Bates contends that she entered her guilty plea unknowingly,
involuntarily, and with an unclear state of mind. Her answers at
rearraignment indicate the contrary.
Bates argues that the indictment was defective in the light of
Apprendi v. New Jersey,
120 S. Ct. 2348, 2362-63 (2000), which held
that “any fact that increases the penalty for a crime beyond the
prescribed statutory maximum must be submitted to a jury, and
proved beyond a reasonable doubt.” Under Apprendi, the quantity of
2
drugs in a 21 U.S.C. § 841 prosecution is an element of the
offense, not a sentencing factor, which must be alleged in the
indictment and proved beyond a reasonable doubt. United States v.
Doggett,
230 F.3d 160, 164-65 (5th Cir. 2000). However, “a fact
used in sentencing that does not increase a penalty beyond the
statutory maximum need not be alleged in the indictment and proved
to a jury beyond a reasonable doubt.” United States v. Keith,
230
F.3d 784, 787 (5th Cir. 2000). Section 841(b)(1)(B)(vii) requires
at least 100 kilograms of marijuana for a defendant to be subject
to a sentence from five years’ to forty years’ imprisonment.
Bates’s indictment alleged that she possessed more than 100
kilograms of marijuana and specifically alleged approximately 204
kilograms of marijuana.
Bates asserts that the indictment is defective because it
fails to allege the manner and means of the crime as well as
failing to allege any overt acts. Bates was not charged with
conspiracy but with possession with the intent to distribute over
100 kilograms of marijuana. “Generally, an indictment which
follows the language of the statute under which it is brought is
sufficient to give a defendant notice of the crime of which [s]he
is charged.” United States v. Ramirez,
233 F.3d 318, 323 (5th Cir.
2000). The indictment was not defective. See United States v.
Cabrera-Teran,
168 F.3d 141, 143 (5th Cir. 1999).
3
Bates raises several challenges to her sentence. First, she
argues that the base offense level of 26 is error. She contends
that she should be responsible for only 85 pounds of marijuana, the
amount for which she was being paid to transport to Florida. The
relevant drug quantity determined by the district court, by
adopting the presentence report (PSR), is supported by the record
and is not clearly erroneous. See United States v. Maseratti,
1
F.3d 330, 340 (5th Cir. 1993).
Bates asserts that her criminal history category should have
been category I. This issue, raised for the first time on appeal,
is reviewed for plain error. See United States v.

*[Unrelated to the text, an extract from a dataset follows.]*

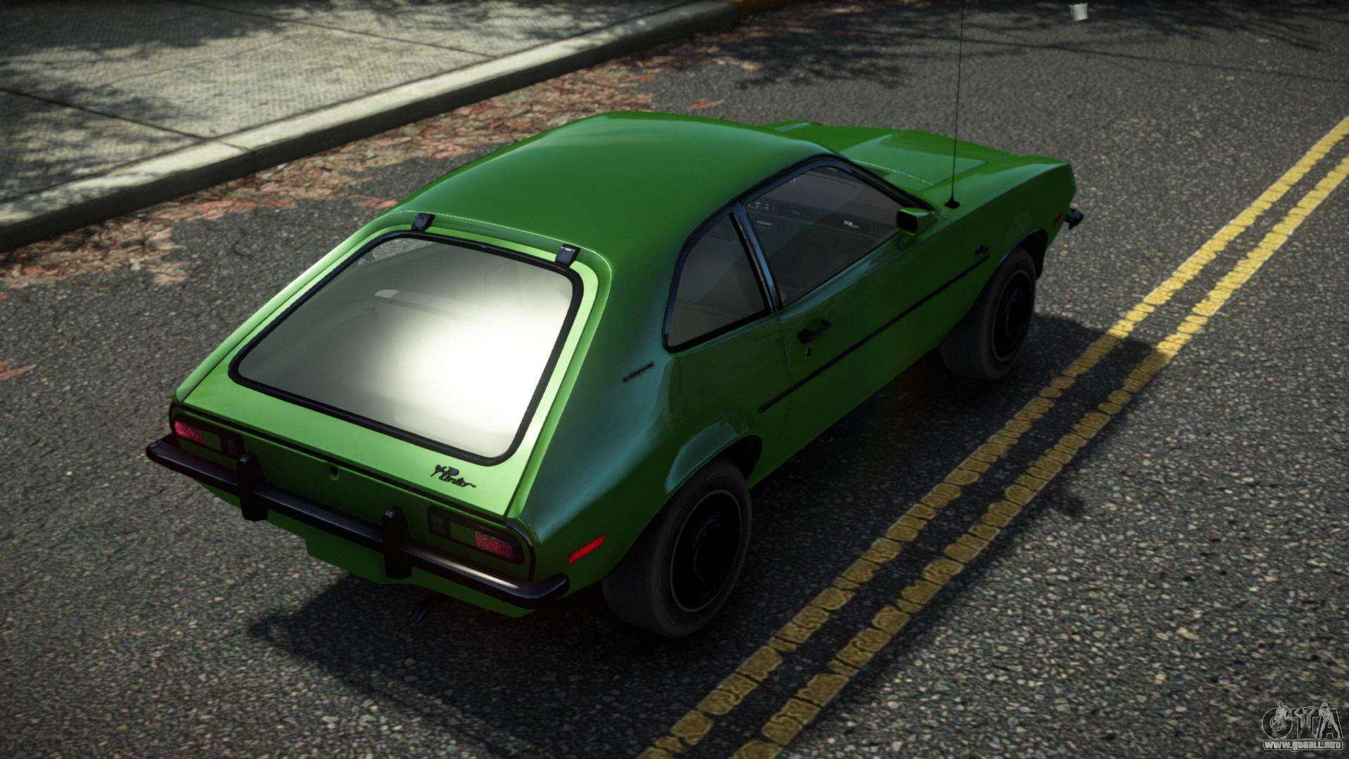 Puede descargar el mod de automóvil Ford Pinto Exrum para GTA 4 de forma gratuita haciendo clic en el enlace a continuación. Instalación automática, de forma predeterminada para reemplazar Faction, o con la ayuda del instalador puede seleccionar cualquier otro automóvil estándar del juego.

Meshack,
225
F.3d 556, 575 (5th Cir. 2000), petition for cert. filed, (Nov. 25,
2000) (No. 00-7246). No error, plain or otherwise, is detected.

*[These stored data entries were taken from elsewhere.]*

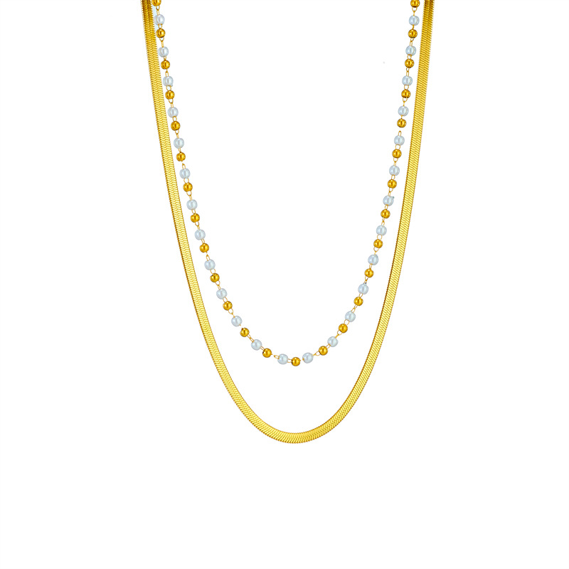 Home > New Arrival > Creative unique irregular metal beaded chain titanium steel flat snake chain high-end double layer necklace
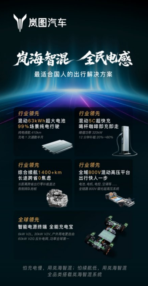 岚海智混,以岚图ESSA架构为基础,通过“智电中枢”“超能矩阵”两大技术体系让混动车全程电感,让混动出行进入电感十足的新时代。其中智电中枢,通过行业领先的智能温控管理系统、行业首创的智能能量管理系统,行业首创的智能电池管理系统,以及V2G功率全球第一的智能电源终端,用智能化的方案,提升补能效率,降低能耗,保障电池安全,全面提升新能源用车体验。另外,智电中枢赋能超能矩阵,在高端中大型混动车上,实现了超大电池、超级快充、超级高压、超级效能、超级续航技术的融合,让99%场景都能完全用电,充电速度媲美加油,跑长途也没有续航焦虑,让混动车全程电感。(资料来源:岚图汽车)
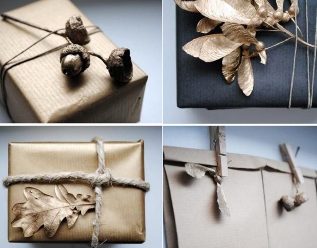 Если у вас есть баллончик краски — превратить в украшение можно что угодно. Главное — вовремя остановиться. Для упаковки подарка отлично подойдут золотые веточки, шишки, листья и другие «природные» мелочи.

See United States v. Calverley,
37 F.3d 160, 162-64 (1994) (en
banc).
Bates contends that she should have received home confinement.
Her failure to request it at sentencing results in review only for
plain error. See
Meshack, 225 F.3d at 575. The defendant carries
the burden under plain error in demonstrating that the unobjected-
to error affected the defendant’s substantial rights. See United
States v. Olano,
507 U.S. 725, 734 (1993). Bates fails to carry
her burden.
4
Bates contends that she should have received a reduction in
her sentence based on her substantial assistance. “Absent a motion
for downward departure made by the Government, a sentencing court
is without authority to grant a downward departure on the basis of
substantial assistance under [U.S.S.G.] § 5K1.1.” United States v.
Price,
95 F.3d 364, 367 (5th Cir. 1996). Because the government
retained in the plea agreement its discretion to determine whether
Bates had provided substantial assistance, the government’s failure
to move for a downward departure pursuant to U.S.S.G. § 5K1.1 is
not reviewable. See United States v. Solis,
169 F.3d 224, 226,
226-27 (5th Cir.), cert. denied,
528 U.S. 843 (1999).
Bates asserts that she was improperly denied bond. To the
extent that Bates challenges her detention, both pretrial and
before sentencing, her challenge is moot. To the extent that she
wants release pending this appeal, there is no nonfrivolous issue
for appeal.
In conclusion, the motion for leave to withdraw is GRANTED,
and counsel is excused from further responsibilities herein.
Bates’s appeal is DISMISSED. See 5TH CIR. R. 42.2.